Investigators are seeking answers to the LaGuardia plane crash and fire truck

Two pilots who were on the Canadian Air Express plane died in the accident, while more than 40 others were taken to the hospital. Passengers credited the pilots, Antoine Forest and Mackenzie Gunther, with saving their lives.
“I think everybody on that plane is very thankful that they’re all alive, and they’re all giving to the pilots,” said Jack Cabot, who was returning home from a spring skiing trip.
Cabot, 22, told NBC News that he could hear the pilots trying to slow down the plane before the crash. He suffered an injury to his cheek and a sore neck when his head hit the seat in front of him.
Christopher Pal, a professor from Montreal who was attending meetings in New York, recalled that the brakes were “more audible than usual.”
“It happened suddenly, the plane moved slowly left and right, I think, then it stopped,” he said. “Everyone was shocked.”

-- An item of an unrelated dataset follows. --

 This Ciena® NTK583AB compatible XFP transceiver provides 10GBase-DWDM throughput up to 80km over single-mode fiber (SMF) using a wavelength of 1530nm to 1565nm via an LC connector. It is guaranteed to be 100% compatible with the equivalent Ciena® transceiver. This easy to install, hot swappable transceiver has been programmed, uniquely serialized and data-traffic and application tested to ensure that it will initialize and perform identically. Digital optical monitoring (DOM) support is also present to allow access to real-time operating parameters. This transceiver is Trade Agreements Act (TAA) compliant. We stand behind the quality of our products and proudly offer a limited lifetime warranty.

Pal said he went through the emergency exit on the wing and slid a short distance to the ground. He encouraged others to follow him.

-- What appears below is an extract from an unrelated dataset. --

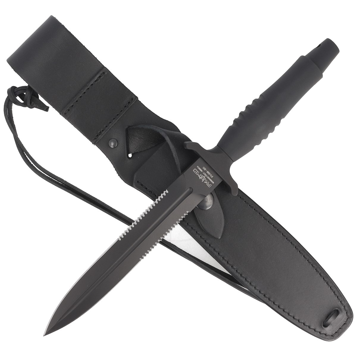 Pochwa - z wysokiej jakości skóry, z uchem do zawieszenia na pasie. Skórzany pasek zapinany na zatrzask zabezpiecza nóż przed wypadnięciem. W dolnej części otwór do przewleczenia linki udowej.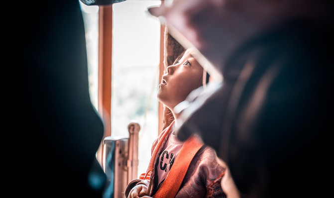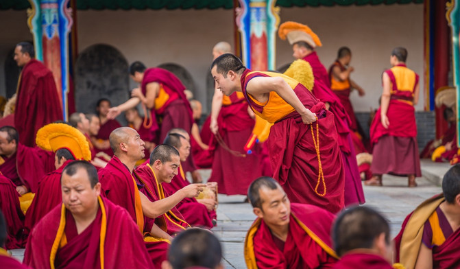 从进寺院第一眼,我的视线里不断有喇嘛出现,最老的七八十岁,最小的五六岁,他们和别的地方不大一样,似乎很悠闲,也很随意。或行走,或端坐,或聚集一起闲聊,或独自背着经文箱子穿梭于经院,却大都面色 平和 ,安之若素。大家都知道塔尔寺有“三绝”,即壁画、堆绣、酥油花,这些是静态的美,如果想要留下更难忘的一些回忆片段,那就千万别错过每天下午5-7点的辨经。

“I just said, ‘Look, jump into my arms, I’ll hold you if you need help.’ So I grabbed some people, I just stayed until it seemed like most of the people had left.”
Pal said he was only injured.
According to the plane’s voice recorder, the truck was cleared to cross the runway 20 seconds before the crash. Nine seconds before the crash, the air traffic control tower ordered the truck to stop, said Doug Brazy, chief aviation investigator for the NTSB, at a news conference Tuesday. At the four-second mark, the tower issued a second stop command.
Photographs of the wreckage showed the nose of the plane had been removed, with the attached pieces hanging from the ground.
According to Homendy, two controllers were on duty in the tower on the night of the crash: the local controller, who controls the active runways and nearby airspace, and the executive controller, who oversees all security operations. The controller in charge also performs the duties of a clearance controller, who provides pilots with clearance, he said.
The NTSB is still trying to identify who was performing the duties of a ground controller, who controls all types of aircraft and vehicles on taxiways.
Although Homendy said it is standard practice for all national airspace to have two controllers at midnight, the NTSB has expressed concern about the practice in the past.
“The midnight shift, as a reminder, is one that we have had many complaints about at the NTSB regarding fatigue,” he said. “I don’t know either, there’s no indication that it had an impact here, but it’s a change that we focused on in the previous investigation.”
Stephen Abraham, a retired air traffic controller with 28 years in the industry, said he understood the agency’s concerns, but stressed that the ongoing labor shortage remains a problem.
“You can’t create or make people,” he said in his speech on Wednesday. “If you put three people in a place [midnight shift]means you have fewer people during the day and at night when it’s busy. Not enough people.”
Abraham said it could be a year before investigators have a full picture of what really happened. He believes the NTSB will ultimately identify “a series of mitigating factors” that contributed to the crash, including weather and emergency conditions on the United flight.
On the night of the crash, a fire truck was responding to a report of a foul odor on a United flight after crew members began to feel ill before takeoff. Bryan Bedford with the Federal Aviation Administration said at a news conference Monday that the airport is experiencing fog, mist, moderate winds, and visibility of up to 4 miles in rainy conditions.
The entire aviation system is designed so if one piece of the equation fails, it still works,” said Abraham. “There are technical devices to prevent these things. There are people who prevent these things, and then there are things that affect people, elements to prevent these things. How many of them didn’t work to make this happen?”